▶ **EXERCISE DIRECTIONS**
Take the line containing "Primerísimo primer plano." and every line after it to the end of the records, and copy them exactly, leaving out pictures.

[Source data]
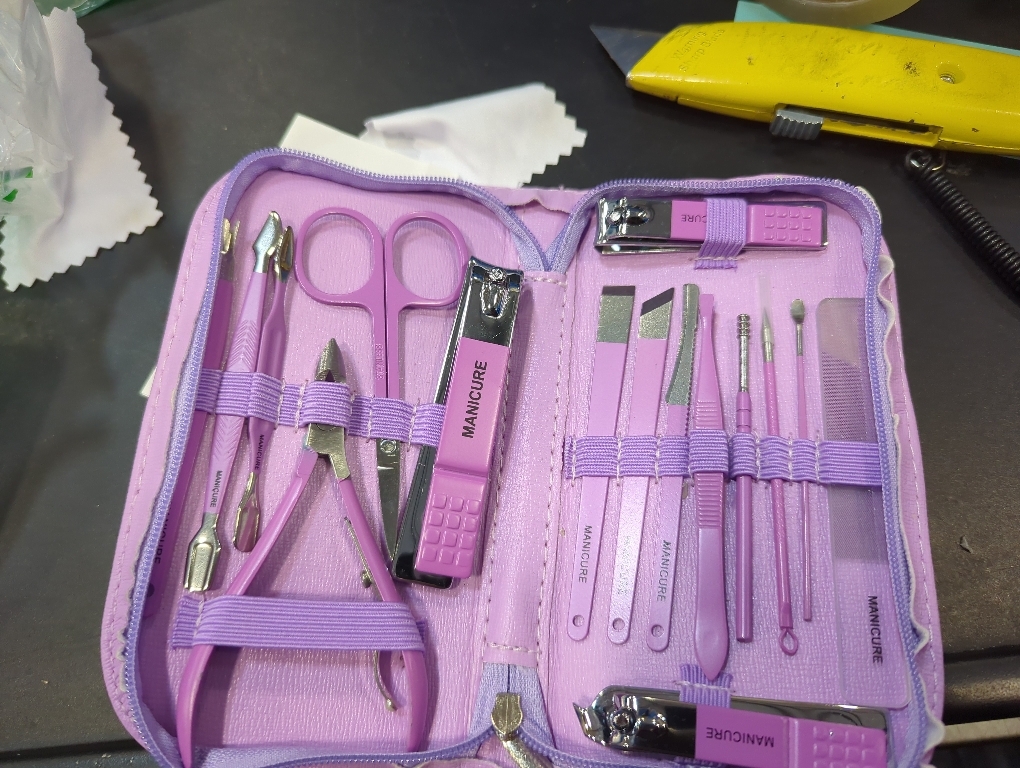 16 In 1 Manicure Kit - Professional manicure & pedicure set includes hand care tools: Curved Nail Clipper, Oblique Nail Clipper, Nail Scraper, Nail Cleaner, Glass Nail File and V-Shape Pusher; toenail care sets: Dead Skin Pliers, Toenail Clipper, Flat Pedicure Knife, Oblique Pedicure Knife, Curved Pedicure Knife; facial grooming kits: Scissors, Acne Needle, Ear Spoon, Honey-Spoon Shape Ear Picker, Eyebrow Clip. A full set of nail/foot/facial care tools to meet your daily needs.
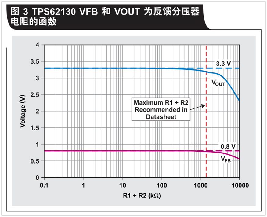 方程式1和TI的TPS62130降壓轉(zhuǎn)換器用于繪制反饋引腳電壓及相應(yīng)輸出電壓情況,其為反饋分壓器電阻的函數(shù)(請參見圖3)。該電壓圖基于理想電阻,其可產(chǎn)生一個3.3V的輸出電壓,并且反饋引腳電壓為0.8V。需要考慮的唯一誤差項是產(chǎn)品說明書中規(guī)定的100nA最大反饋漏電流。
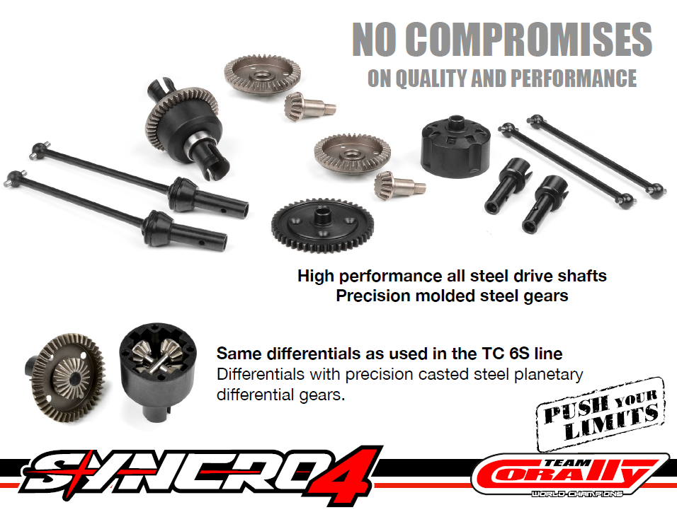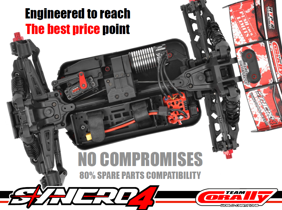 In crafting the Syncro4, Team Corally seamlessly blends proven components with innovative solutions, offering a harmonious mix of reliability and fresh design. Many elements, like the robust arms, steering blocks, and rear hubs, draw inspiration from our proven 6S lineup, ensuring a solid foundation. At the same time, newly redesigned shocks, towers, and other key features introduce a breath of fresh air. Notably, enthusiasts can easily update various components from the 6S lineup, adding a layer of versatility and personalization to the Syncro4 driving experience. In our commitment to innovation, we extend our focus beyond mechanics to aesthetics, incorporating striking features like anodized in titanium color, laser-etched chassis, ensuring your Syncro4 not only performs outstandingly but also stands out in style.
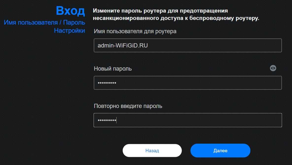 Роутер попросит у вас указать имя пользователя и пароль для доступа к настройкам (который вы задали в процессе настройки).
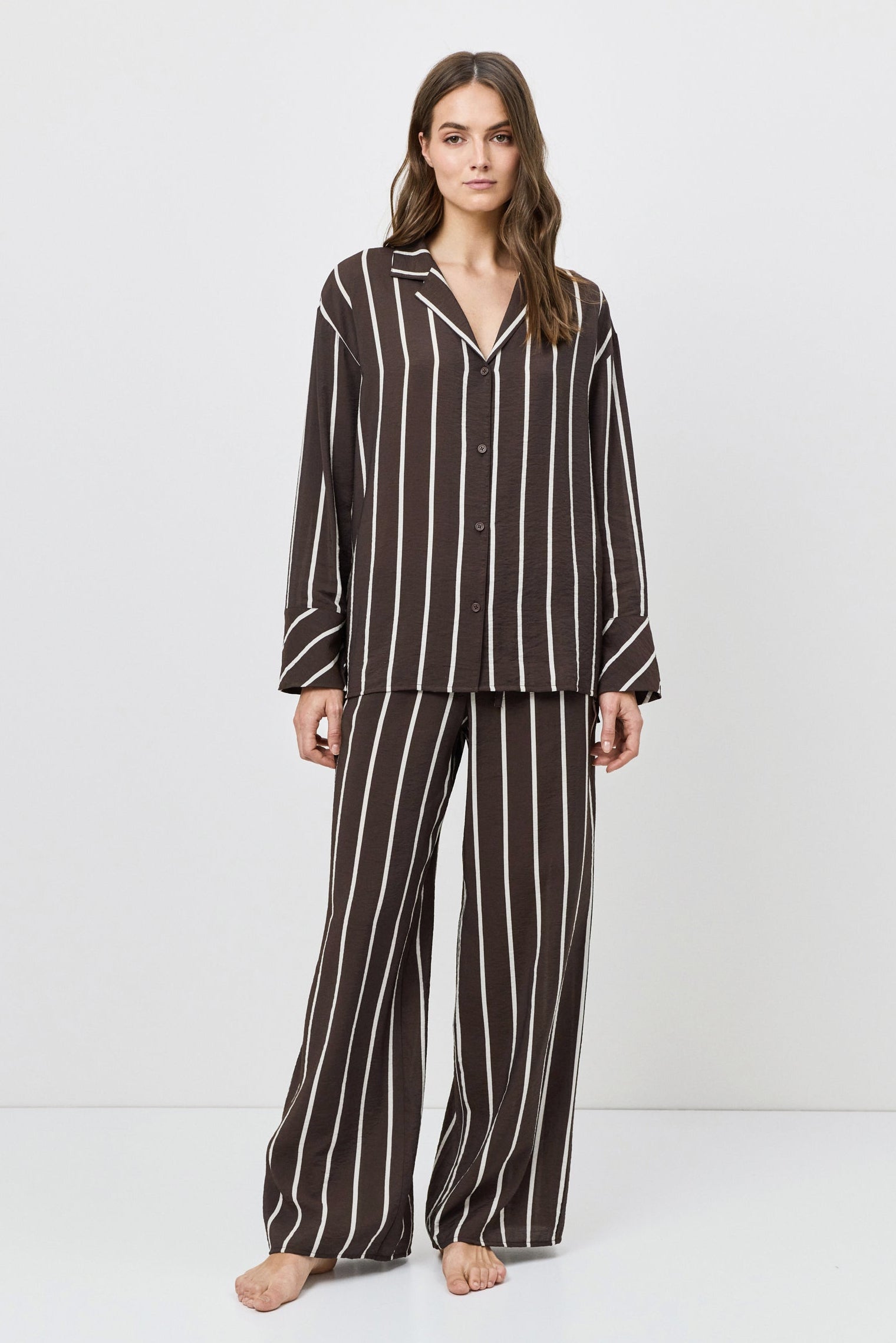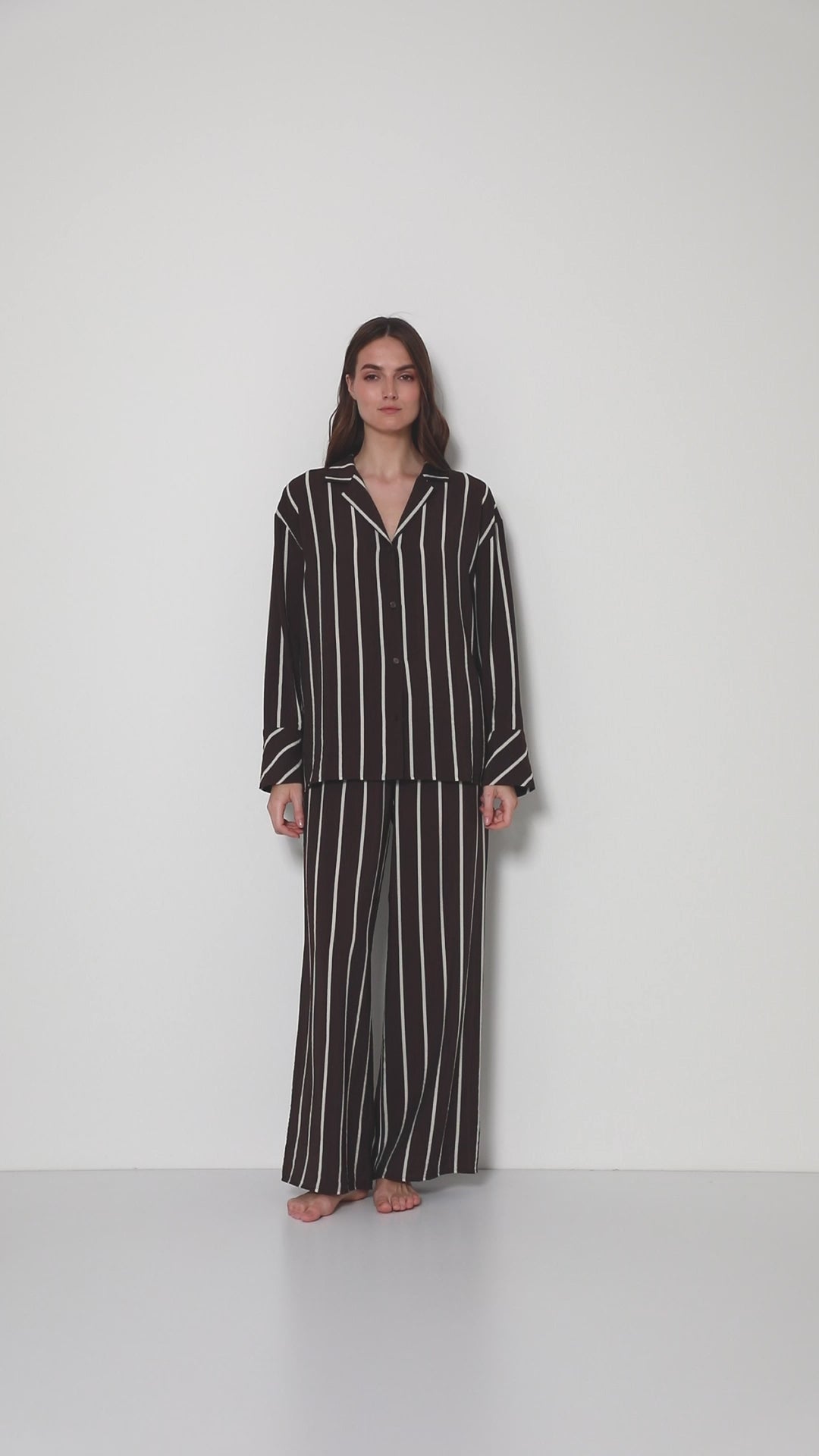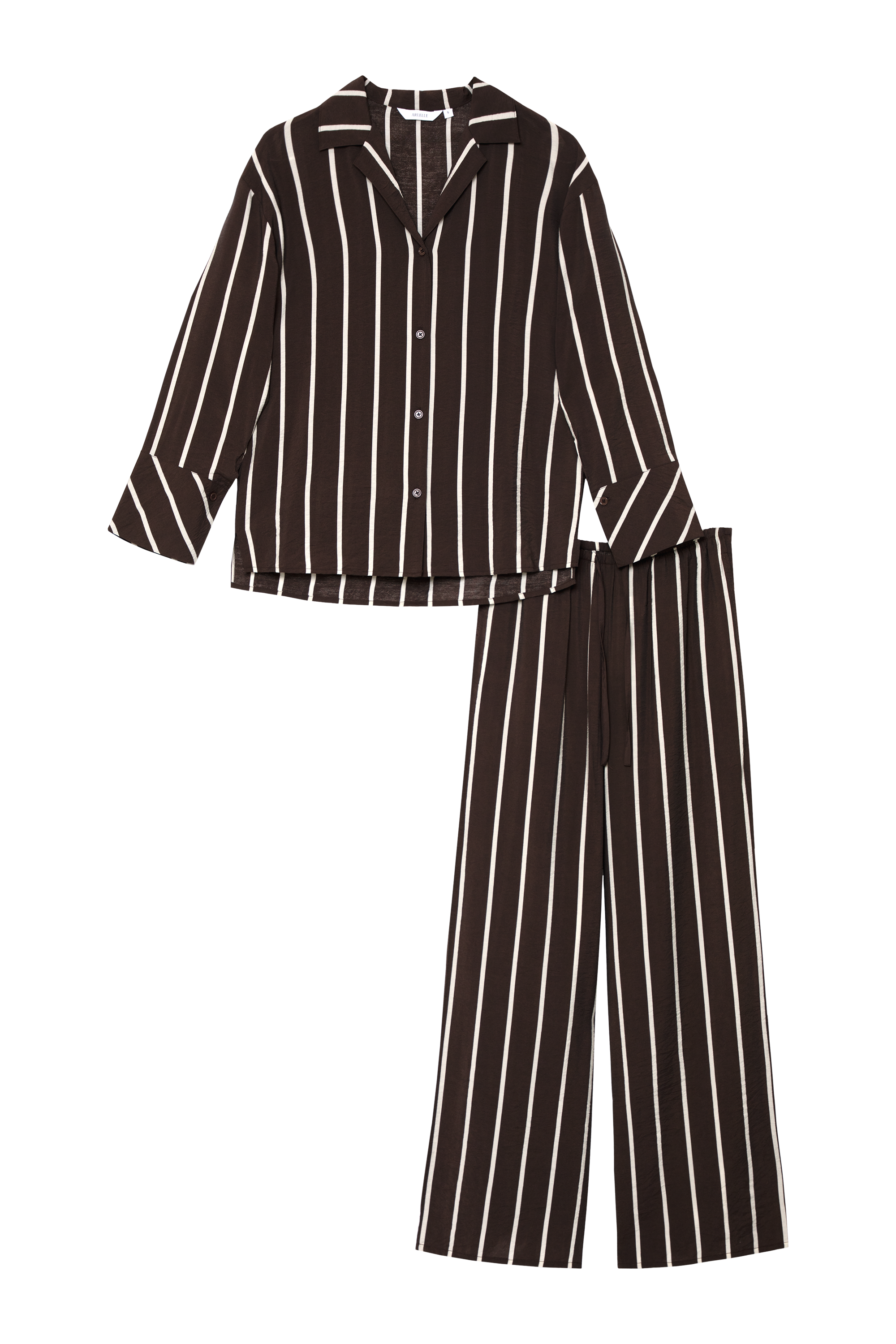 Dwuczęściowy komplet z kolekcji Resortwear składający się z koszuli z długim rękawem zapinanej na guziki oraz dopasowanych spodni o pełnej długości.
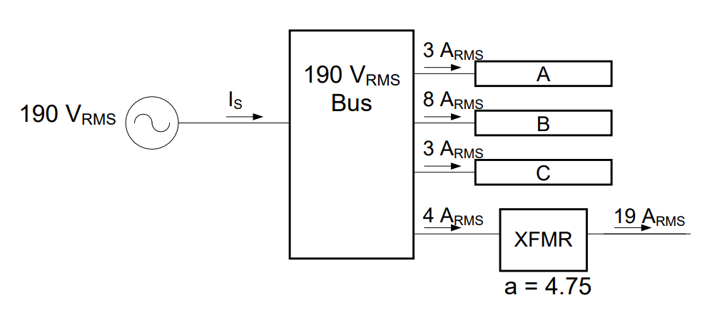 We can solve for the current coming from the source to the 190 VRMS Bus. It is very important to realize only 4 ARMS leaves the bus to go to the transformer.
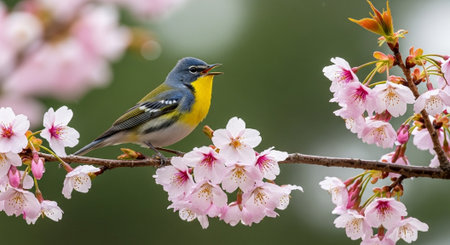 Vibrant blue and yellow bird singing on cherry blossom branch
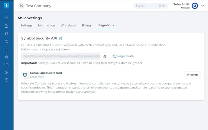 The Symbol Security API allows both MSP and Single Companies to make use of multiple endpoints at the company and partner level, such as event subscriptions (Webhooks) that notify external systems about certain events like simulations, assignments, and much more.
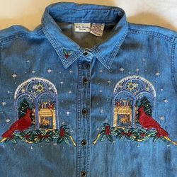 vintage 90s bobbie brooks denim button up / embroidered xmas cardinal scene$38Seattle, WA
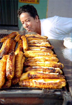 Primerísimo primer plano. Exterior día. Mujer inclinada sobre objeto. Toma levemente inclinada. Sobredimensión objetual por encuadre. Realce de texturas.
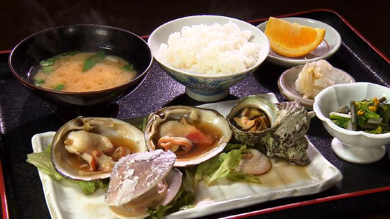 「貝焼き定食(1850円)」は、サザエなど数種類の貝が楽しめます。
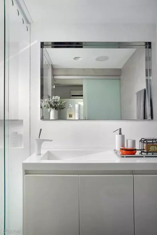 主卧的卫浴间采用不透明材质的玻璃推拉门,在营造轻盈感的同时也尊重了隐私。卫浴间的盥洗台面采用了不常见的斜面设计,一想到房主人的艺术家身份,也就了然了~
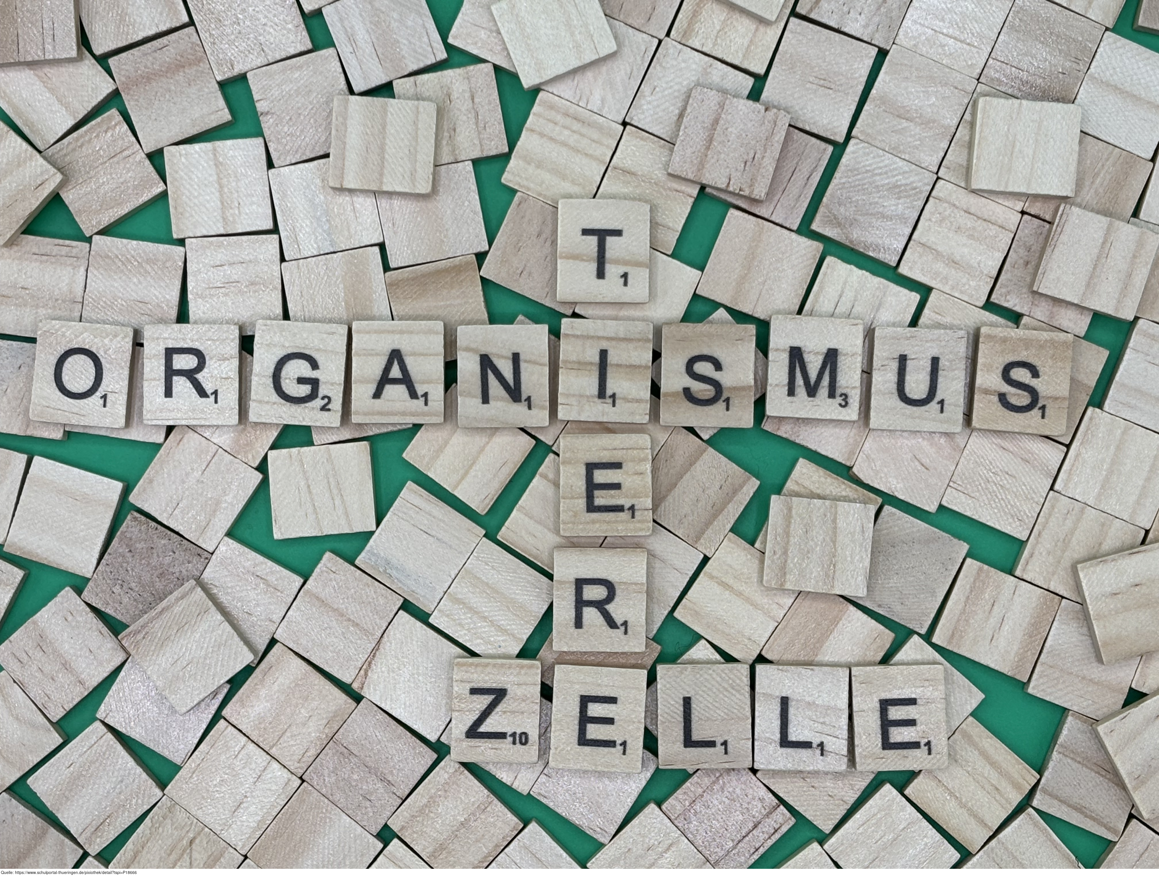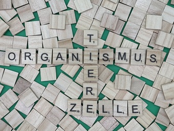 Aus Buchstaben wurden die Begriffe "Organismus", "Tiere" und "Zelle" gelegt. Es gelten die Nutzungsbedingungen der Mediothek und Pixiothek.

▶ **RESPONSE**
 Primerísimo primer plano. Exterior día. Mujer inclinada sobre objeto. Toma levemente inclinada. Sobredimensión objetual por encuadre. Realce de texturas.
 「貝焼き定食(1850円)」は、サザエなど数種類の貝が楽しめます。
 主卧的卫浴间采用不透明材质的玻璃推拉门,在营造轻盈感的同时也尊重了隐私。卫浴间的盥洗台面采用了不常见的斜面设计,一想到房主人的艺术家身份,也就了然了~
 Aus Buchstaben wurden die Begriffe "Organismus", "Tiere" und "Zelle" gelegt. Es gelten die Nutzungsbedingungen der Mediothek und Pixiothek.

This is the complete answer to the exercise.